(Items from a dataset)

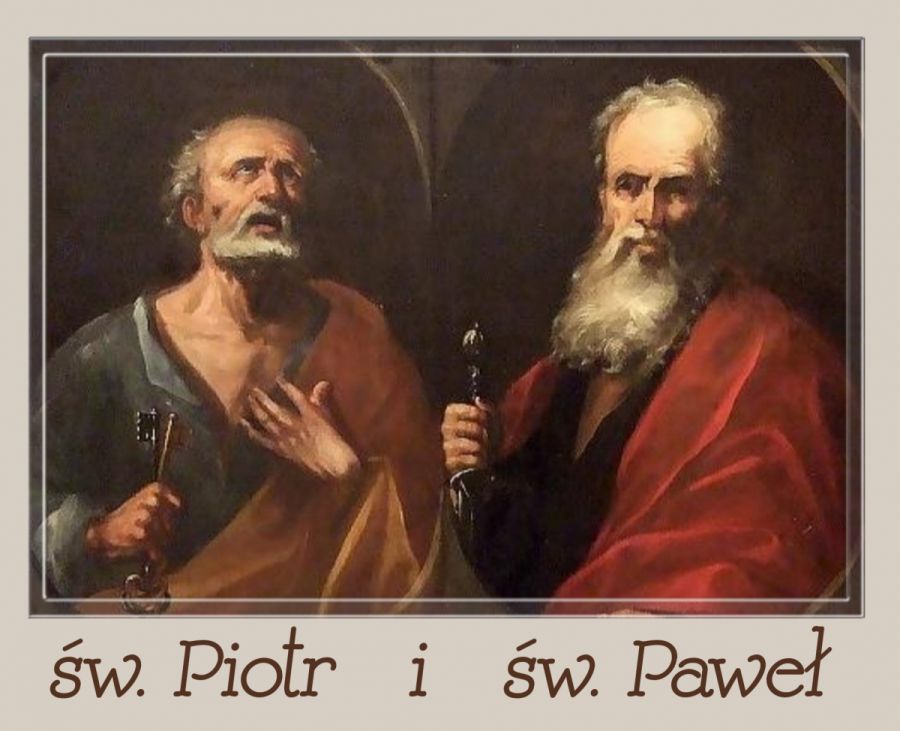 29 czerwca obchodzimy Uroczystość Świętych Apostołów Piotra i Pawła. Obaj ponieśli śmierć męczeńską w Rzymie. Święty Piotr otrzymał prymat od Pana Jezusa. Święty Paweł nazywany jest Apostołem Narodów ze względu na liczne podróże misyjne. Jako pierwszy głosił Dobrą Nowinę w Europie.
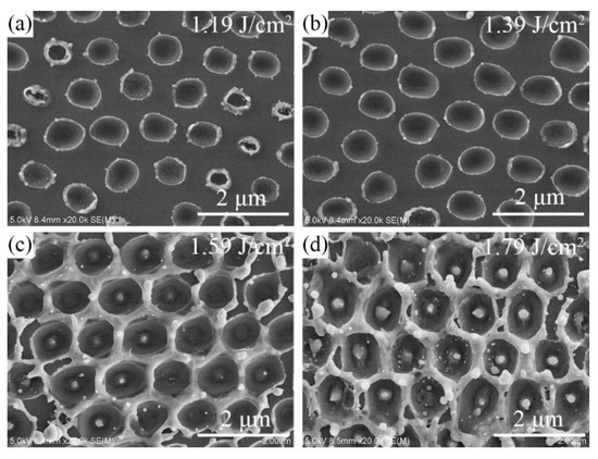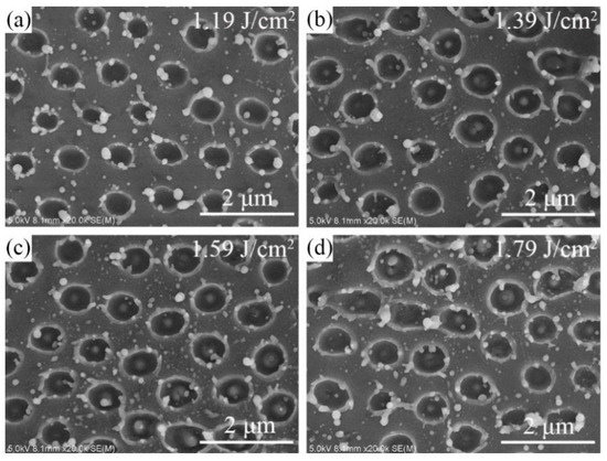 Figure 4a–d shows scanning electron microscopy (SEM) images of the nanohole arrays on silicon substrate fabricated by picosecond laser with 1.19, 1.39, 1.59, 1.79 J/cm2 laser fluences, respectively. One can see that there are no polystyrene microspheres on the silicon substrate after laser irradiation. This is because the microspheres are easily removed by ablation due to the low ablation threshold of polystyrene [25]. Furthermore, many undesired particles with diameters of 50–200 nm have emerged around the nanoholes, and pronounced molten materials are observed at the edge of the nanoholes. At laser fluences of 1.19–1.59 J/cm2, the shape of the nanoholes is circular. However, as laser fluence further increases to 1.79 J/cm2, some nanoholes become larger with an ellipse shape and stick together, as shown in Figure 4d. Moreover, as the laser pulse energy is larger than 1.39 J/cm2, nano-bumps develop in the center of the nanoholes (see Figure 4b–d).
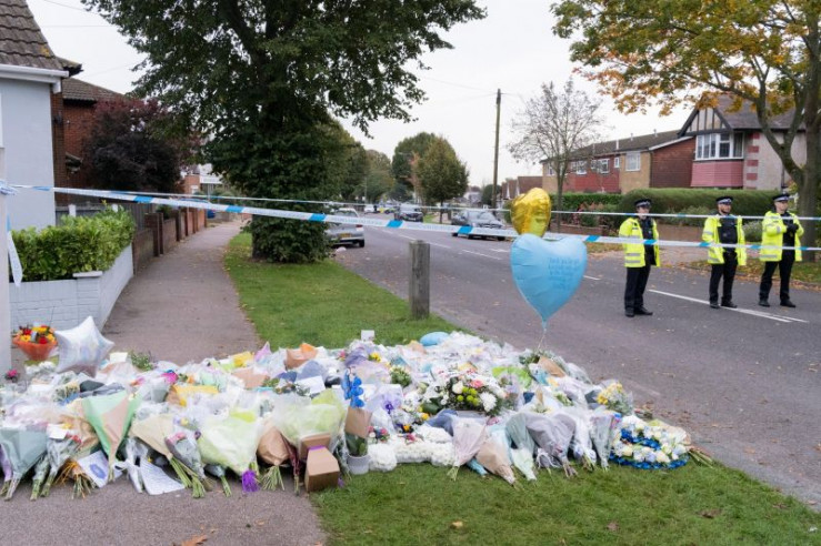 Blumen zum Gedenken an Sir David Amess, zwei Tage nach seiner Ermordung in Leigh-on-Sea, Southend, Essex, am 17. Oktober 2021. Der konservative Abgeordnete war während seiner wöchentlichen Bürgersprechstunde von Ali Harbi Ali mit einem Messer angegriffen worden. +++ Die Verwendung des sendungsbezogenen Materials ist nur mit dem Hinweis und Verlinkung auf RTL+ gestattet. +++
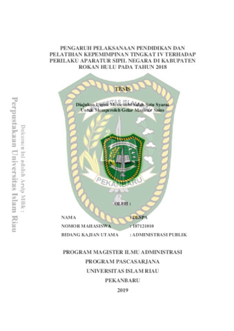 Despa, Despa (2019) Pengaruh Pelaksanaan Pendidikan Dan Pelatihan Kepemimpinan Tingkat IV Terhadap Perilaku Aparatur Sipil Negara Di Kabupaten Rokan Hulu Pada Tahun 2018. Other thesis, Universitas Islam Riau.
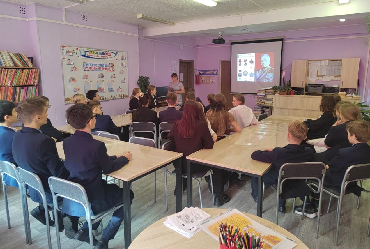 Сотрудник Детско-юношеского центра чтения провёл для учащихся МАОУ «Лицей № 1 им. Н.К. Крупской» исторический портрет «От солдата до маршала: история А. А. Гречко».
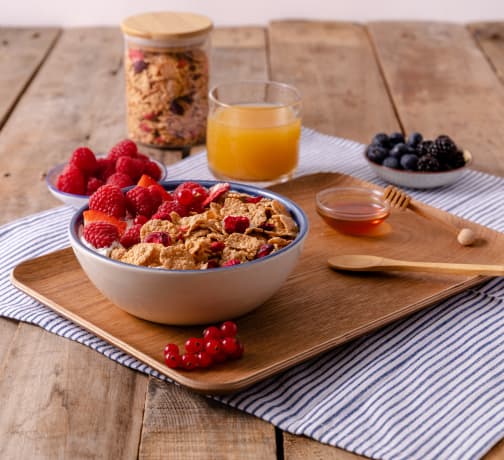 Ris 69,5 %, socker, röda frukter 5 % (jordgubbar, hallon och körsbär i varierande proportioner), majsstärkelse 3,6 %, salt, vitaminer (vitamin B1 (tiaminmononitrat), vitamin B2 (riboflavin), vitamin B3 (nikotinamid), vitamin B6 (pyridoxinhydroklorid), vitamin B9 (pteroylmonoglutaminsyra), vitamin B12 (cyanokobalamin), vitamin B5 (D-pantotenat, kalcium)), elementärt järn. Kan innehålla mjölk och mejeriprodukter.
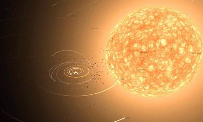 最后我們把史蒂文森2-18放在太陽系中心太陽的位置上,它的半徑會超過土星軌道。土星也被它吞沒了。

• **Exercise prompt**
Word for word, restate each line above, minus its pictures.

• **Problem solution**
 29 czerwca obchodzimy Uroczystość Świętych Apostołów Piotra i Pawła. Obaj ponieśli śmierć męczeńską w Rzymie. Święty Piotr otrzymał prymat od Pana Jezusa. Święty Paweł nazywany jest Apostołem Narodów ze względu na liczne podróże misyjne. Jako pierwszy głosił Dobrą Nowinę w Europie.
 Figure 4a–d shows scanning electron microscopy (SEM) images of the nanohole arrays on silicon substrate fabricated by picosecond laser with 1.19, 1.39, 1.59, 1.79 J/cm2 laser fluences, respectively. One can see that there are no polystyrene microspheres on the silicon substrate after laser irradiation. This is because the microspheres are easily removed by ablation due to the low ablation threshold of polystyrene [25]. Furthermore, many undesired particles with diameters of 50–200 nm have emerged around the nanoholes, and pronounced molten materials are observed at the edge of the nanoholes. At laser fluences of 1.19–1.59 J/cm2, the shape of the nanoholes is circular. However, as laser fluence further increases to 1.79 J/cm2, some nanoholes become larger with an ellipse shape and stick together, as shown in Figure 4d. Moreover, as the laser pulse energy is larger than 1.39 J/cm2, nano-bumps develop in the center of the nanoholes (see Figure 4b–d).
 Blumen zum Gedenken an Sir David Amess, zwei Tage nach seiner Ermordung in Leigh-on-Sea, Southend, Essex, am 17. Oktober 2021. Der konservative Abgeordnete war während seiner wöchentlichen Bürgersprechstunde von Ali Harbi Ali mit einem Messer angegriffen worden. +++ Die Verwendung des sendungsbezogenen Materials ist nur mit dem Hinweis und Verlinkung auf RTL+ gestattet. +++
 Despa, Despa (2019) Pengaruh Pelaksanaan Pendidikan Dan Pelatihan Kepemimpinan Tingkat IV Terhadap Perilaku Aparatur Sipil Negara Di Kabupaten Rokan Hulu Pada Tahun 2018. Other thesis, Universitas Islam Riau.
 Сотрудник Детско-юношеского центра чтения провёл для учащихся МАОУ «Лицей № 1 им. Н.К. Крупской» исторический портрет «От солдата до маршала: история А. А. Гречко».
 Ris 69,5 %, socker, röda frukter 5 % (jordgubbar, hallon och körsbär i varierande proportioner), majsstärkelse 3,6 %, salt, vitaminer (vitamin B1 (tiaminmononitrat), vitamin B2 (riboflavin), vitamin B3 (nikotinamid), vitamin B6 (pyridoxinhydroklorid), vitamin B9 (pteroylmonoglutaminsyra), vitamin B12 (cyanokobalamin), vitamin B5 (D-pantotenat, kalcium)), elementärt järn. Kan innehålla mjölk och mejeriprodukter.
 最后我們把史蒂文森2-18放在太陽系中心太陽的位置上,它的半徑會超過土星軌道。土星也被它吞沒了。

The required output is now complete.